See function max_useful_jobs() to suggest the number of jobs, taking into account which targets are already up to date. Try out the following in a fresh R session.

library(drake)
load_basic_example()
plot_graph(my_plan) # Look at the graph to make sense of the output.
max_useful_jobs(my_plan) # 8
max_useful_jobs(my_plan, imports = "files") # 8
max_useful_jobs(my_plan, imports = "all") # 10
max_useful_jobs(my_plan, imports = "none") # 8
make(my_plan)
plot_graph(my_plan)
# Ignore the targets already built.
max_useful_jobs(my_plan) # 1
max_useful_jobs(my_plan, imports = "files") # 1
max_useful_jobs(my_plan, imports = "all") # 10
max_useful_jobs(my_plan, imports = "none") # 0
# Change a function so some targets are now out of date.
reg2 = function(d){
  d$x3 = d$x^3
  lm(y ~ x3, data = d)
}
plot_graph(my_plan)
max_useful_jobs(my_plan) # 4
max_useful_jobs(my_plan, imports = "files") # 4
max_useful_jobs(my_plan, imports = "all") # 10
max_useful_jobs(my_plan, imports = "none") # 4

As for how the parallelism is implemented, you can choose from multiple built-in backends.

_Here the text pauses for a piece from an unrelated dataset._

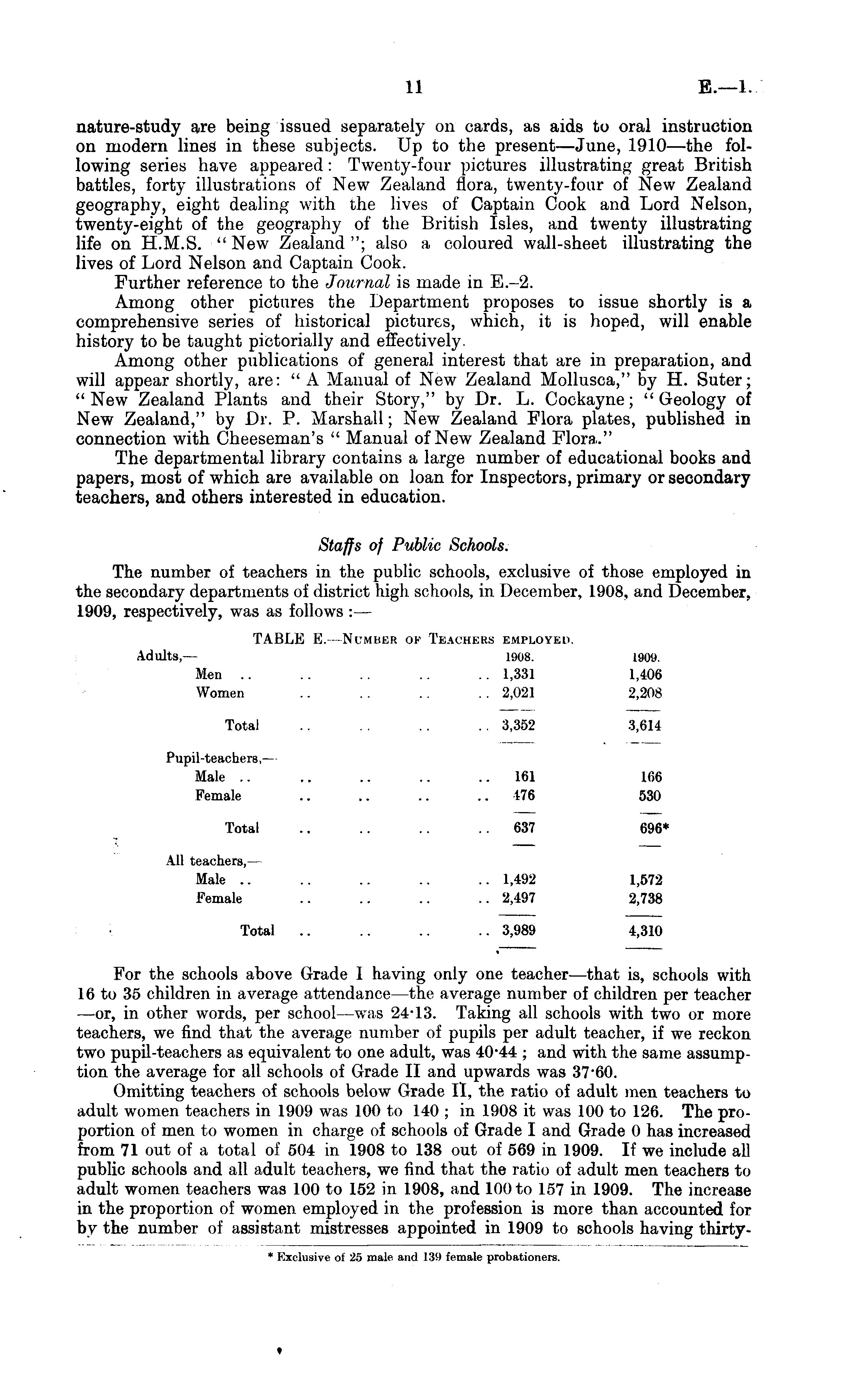 nature-study are being issued separately on cards, as aids to oral instruction on modern lines in these subjects. Up to the present—June, 1910 —the following series have appeared: Twenty-four pictures illustrating great British battles, forty illustrations of New Zealand flora, twenty-four of New Zealand geography, eight dealing with the lives of Captain Cook and Lord Nelson, twenty-eight of the geography of the British Isles, and twenty illustrating life on H.M.S. "New Zealand"; also a coloured wall-sheet illustrating the lives of Lord Nelson and Captain Cook. Further reference to the Journal is made in E.-2. Among other pictures the Department proposes to issue shortly is a comprehensive series of historical pictures, which, it is hoped, will enable history to be taught pictorially and effectively. Among other publications of general interest that are in preparation, and will appear shortly, are: " A Manual of New Zealand Mollusca," by H. Suter; "New Zealand Plants and their Story," by Dr. L. Cockayne; "Geology of New Zealand," by Dr. P. Marshall; New Zealand Flora plates, published in connection with Cheeseman's " Manual of New Zealand Flora." The departmental library contains a large number of educational books and papers, most of which are available on loan for Inspectors, primary or secondary teachers, and others interested in education. Staffs of Public Schools. The number of teachers in the public schools, exclusive of those employed in the secondary departments of district high schools, in December, 1908, and December, 1909, respectively, was as follows : — TABLE E.—Number of Teachers employed. Adults, — 1908. 1909. Men .. .. .. 1,331 1,406 Women .. .. .. .. 2,021 2,208 Total .. .. .. .. 3,352 3,614 Pupil-teachers,— Male .. .. .. .. ..161 166 Female .. .. .. 476 530 Total .. .. .. 637 696* All teachers, — Male .. .. .. .. .. 1,492 1,572 Female .. .. .. .. 2,497 2,738 Total .. .. .. .. 3,989 4,310 For the schools above Grade I having only one teacher—that is, schools with 16 to 35 children in average attendance—the average number of children per teacher —or, in other words, per school—was 24-13. Taking all schools with two or more teachers, we find that the average number of pupils per adult teacher, if we reckon two pupil-teachers as equivalent to one adult, was 40*44 ; and with the same assumption the average for all schools of Grade II and upwards was 37*60. Omitting teachers of schools below Grade 11, the ratio of adult men teachers to adult women teachers in 1909 was 100 to 140 ; in 1908 it was 100 to 126. The proportion of men to women in charge of schools of Grade I and Grade 0 has increased from 71 out of a total of 504 in 1908 to 138 out of 569 in 1909. If we include all public schools and all adult teachers, we find that the ratio of adult men teachers to adult women teachers was 100 to 152 in 1908, and 100 to 157 in 1909. The increase in the proportion of women employed in the profession is more than accounted for by the number of assistant mistresses appointed in 1909 to schools having thirty -

  1. mclapply: low-overhead, light-weight. make(..., parallelism = "mclapply", jobs = 2) invokes parallel::mclapply() under the hood and distributes the work over at most two independent processes (set with jobs). Mclapply is an ideal choice for low-overhead single-node parallelism, but it does not work on Windows.
  2. parLapply: medium-overhead, light-weight. make(..., parallelism = "parLapply", jobs = 2) invokes parallel::mclapply() under the hood. This option is similar to mclapply except that it works on Windows and costs a little extra time up front.
  3. Makefile: high-overhead, heavy-duty. make(..., parallelism = "Makefile", jobs = 2) creates a proper Makefile to distribute the work over multiple independent R sessions. With custom settings, you can distribute the R sessions over different jobs/nodes on a cluster. See the quickstart vignette for more details.